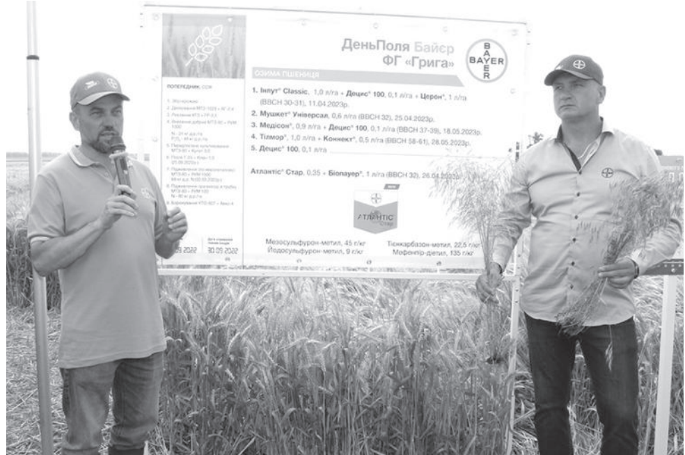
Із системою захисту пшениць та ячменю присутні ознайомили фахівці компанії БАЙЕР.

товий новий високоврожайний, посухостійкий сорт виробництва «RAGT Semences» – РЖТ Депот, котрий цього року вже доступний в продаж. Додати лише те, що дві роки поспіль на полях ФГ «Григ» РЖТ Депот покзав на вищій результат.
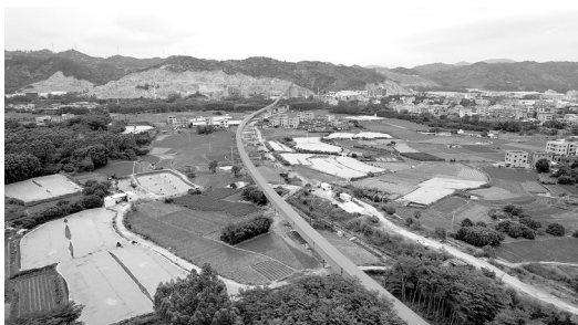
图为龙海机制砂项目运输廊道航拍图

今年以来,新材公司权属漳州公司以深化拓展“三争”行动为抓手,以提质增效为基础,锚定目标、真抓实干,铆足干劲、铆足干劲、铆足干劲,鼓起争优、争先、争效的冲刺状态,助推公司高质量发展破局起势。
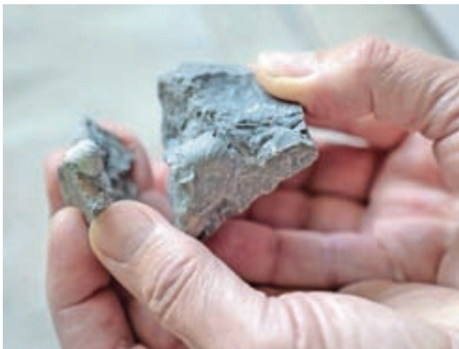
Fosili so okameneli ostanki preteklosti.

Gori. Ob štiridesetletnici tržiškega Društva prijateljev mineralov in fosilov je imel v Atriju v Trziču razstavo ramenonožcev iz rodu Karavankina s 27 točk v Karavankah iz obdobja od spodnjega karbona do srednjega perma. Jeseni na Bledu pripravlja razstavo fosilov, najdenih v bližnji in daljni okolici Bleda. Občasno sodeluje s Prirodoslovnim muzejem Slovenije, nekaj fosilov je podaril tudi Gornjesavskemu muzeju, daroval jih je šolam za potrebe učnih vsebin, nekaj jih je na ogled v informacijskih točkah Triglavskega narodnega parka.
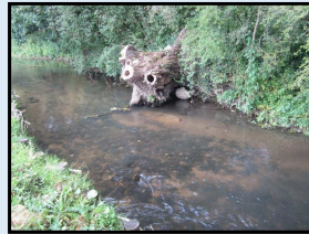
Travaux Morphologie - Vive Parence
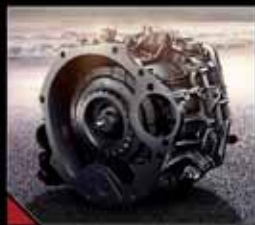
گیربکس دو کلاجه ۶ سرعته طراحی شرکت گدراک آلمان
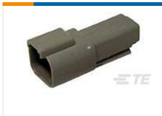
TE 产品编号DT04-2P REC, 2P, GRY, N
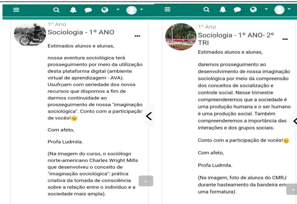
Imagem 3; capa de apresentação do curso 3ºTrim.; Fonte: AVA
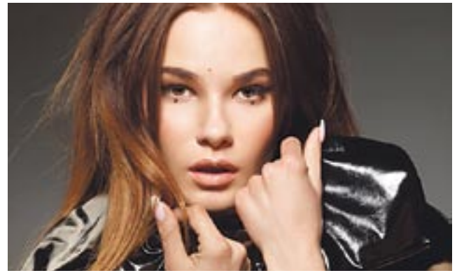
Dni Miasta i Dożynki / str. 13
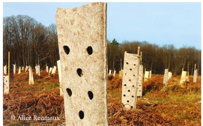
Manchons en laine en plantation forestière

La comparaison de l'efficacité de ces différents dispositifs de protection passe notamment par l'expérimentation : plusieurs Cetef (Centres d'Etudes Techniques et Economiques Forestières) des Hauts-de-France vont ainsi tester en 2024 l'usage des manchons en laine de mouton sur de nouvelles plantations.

◇ ◇ ◇ ◇ ◇ ◇ ◇

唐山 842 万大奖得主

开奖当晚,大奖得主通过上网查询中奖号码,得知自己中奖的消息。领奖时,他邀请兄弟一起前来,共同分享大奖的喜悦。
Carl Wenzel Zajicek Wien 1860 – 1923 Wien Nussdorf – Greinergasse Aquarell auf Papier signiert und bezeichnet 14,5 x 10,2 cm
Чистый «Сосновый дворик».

◇ ◇ ◇ ◇ ◇ ◇ ◇

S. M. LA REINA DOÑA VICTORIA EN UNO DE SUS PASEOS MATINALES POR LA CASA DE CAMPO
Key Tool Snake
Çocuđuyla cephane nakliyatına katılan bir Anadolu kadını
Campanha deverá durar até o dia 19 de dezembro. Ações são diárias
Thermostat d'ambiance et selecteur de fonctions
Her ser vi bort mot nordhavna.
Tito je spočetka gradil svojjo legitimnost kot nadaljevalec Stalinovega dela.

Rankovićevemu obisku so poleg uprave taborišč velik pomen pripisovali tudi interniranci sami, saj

◇ ◇ ◇ ◇ ◇ ◇ ◇

** Exercise prompt **
Write out each line above containing "tudi".

** Written reply **
Gori. Ob štiridesetletnici tržiškega Društva prijateljev mineralov in fosilov je imel v Atriju v Trziču razstavo ramenonožcev iz rodu Karavankina s 27 točk v Karavankah iz obdobja od spodnjega karbona do srednjega perma. Jeseni na Bledu pripravlja razstavo fosilov, najdenih v bližnji in daljni okolici Bleda. Občasno sodeluje s Prirodoslovnim muzejem Slovenije, nekaj fosilov je podaril tudi Gornjesavskemu muzeju, daroval jih je šolam za potrebe učnih vsebin, nekaj jih je na ogled v informacijskih točkah Triglavskega narodnega parka.
Rankovićevemu obisku so poleg uprave taborišč velik pomen pripisovali tudi interniranci sami, saj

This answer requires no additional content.